The input list members (in this case `midf$U[[1]]` and `midf$V[[1]]`)
are returned with the output, because
`list(U = midf$U[[1]], V = midf$V[[1]])` is passed to the `.dat` argument
of `matsindf_apply()`.

```{r}
calc_W(list(U = midf$U[[1]], V = midf$V[[1]]))
```

It may be clearer to name the arguments as required by the `calc_W()` function
without wrapping in a list first,
as shown below.
But in this approach, the input matrices are not returned with the output,
because arguments `U` and `V` are passed to the `...` argument of `matsindf_apply()`,
not the `.dat` argument of `matsindf_apply()`.

```{r}
calc_W(U = midf$U[[1]], V = midf$V[[1]])
```

`calc_W()` can operate on data frames containing single numbers.

```{r}
data.frame(U = c(1, 2), V = c(3, 4)) |> calc_W()
```

Finally, `calc_W()` can be applied to single numbers,
and the result is 1x1 matrix.

```{r}
calc_W(U = 2, V = 3)
```

It is good practice to write internal functions
that tolerate zero-length inputs, as `calc_W()` does.
Doing so, enables results from different calculations to be `rbind`ed together.

```{r}
calc_W(U = numeric(), V = numeric())
calc_W(list(U = numeric(), V = numeric()))

res <- calc_W(list(U = c(2, 3, 4, 5), V = c(3, 4, 5, 6)))
res0 <- calc_W(list(U = numeric(), V = numeric()))
dplyr::bind_rows(res, res0)
```


## Conclusion

This vignette demonstrated use of
the versatile `matsindf_apply()` function.
Inputs to `matsindf_apply()` can be 

* single numbers,
* matrices, or
* data frames with appropriately-named columns.

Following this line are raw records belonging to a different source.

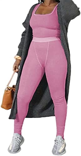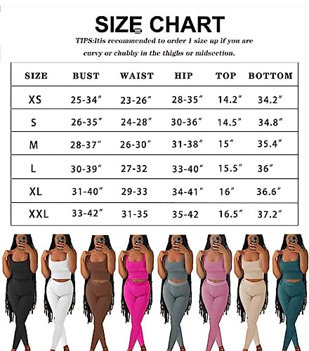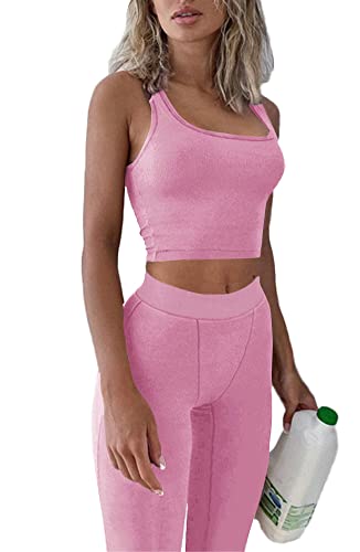 ZFLM Casual Workout Sets Two Piece Outfits for Women Ribbed Crop Tank Top High Waist Yoga Leggings Active Wear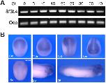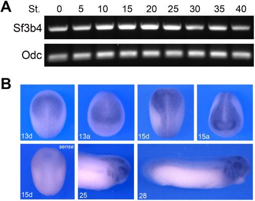 Fig. 2. Developmental expression of sf3b4. (A) RT-PCR analysis of sf3b4 developmental expression. The embryonic stages (St.) are according to Nieuwkoop and Faber (1967). Ornithine decarboxylase (odc) is shown as a loading control. (B) By whole-mount in situ hybridization sf3b4 is enriched dorsally at neurula stage (stage 13 and 15). At tailbud stage (stage 25 and 28) sf3b4 is detected in the branchial arches and the developing eyes. Dorsal views (d), anterior to top. Anterior views (a), dorsal to top. Lateral view, anterior to right, dorsal to top (stage 25 and 28).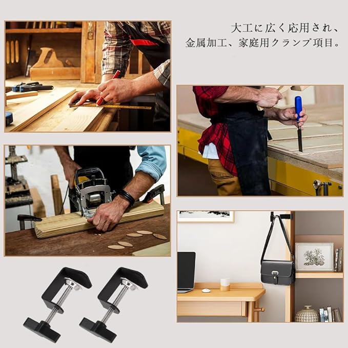 【多様な用途】固定デスクから木工、家具製作までをサポート。さまざまな厚さ、形状の材料をしっかり固定します。家庭でのDIY活動に最適で、多機能ツールとして使用できます。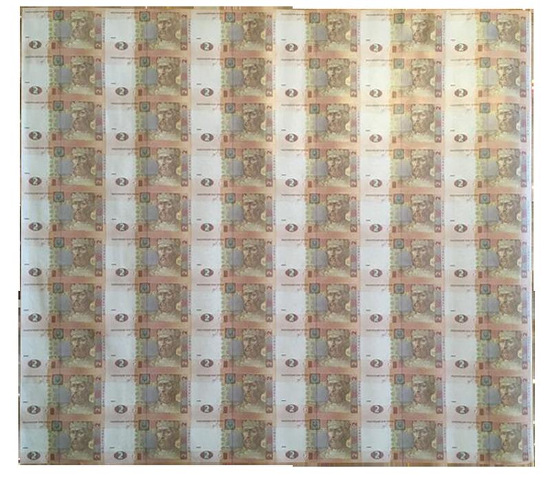 Неразрезанный лист из банкнот нбу номиналом 2 грн 60 шт. коллекционные листы банкнот. нера...

`matsindf_apply()` can be used for programming, and 
functions constructed as demonstrated above
share characteristics with `matsindf_apply()`:

* they can be used as specialized `dplyr::mutate()` operators, and
* they can be applied to single numbers, matrices, or
  data frames with appropriately-named columns.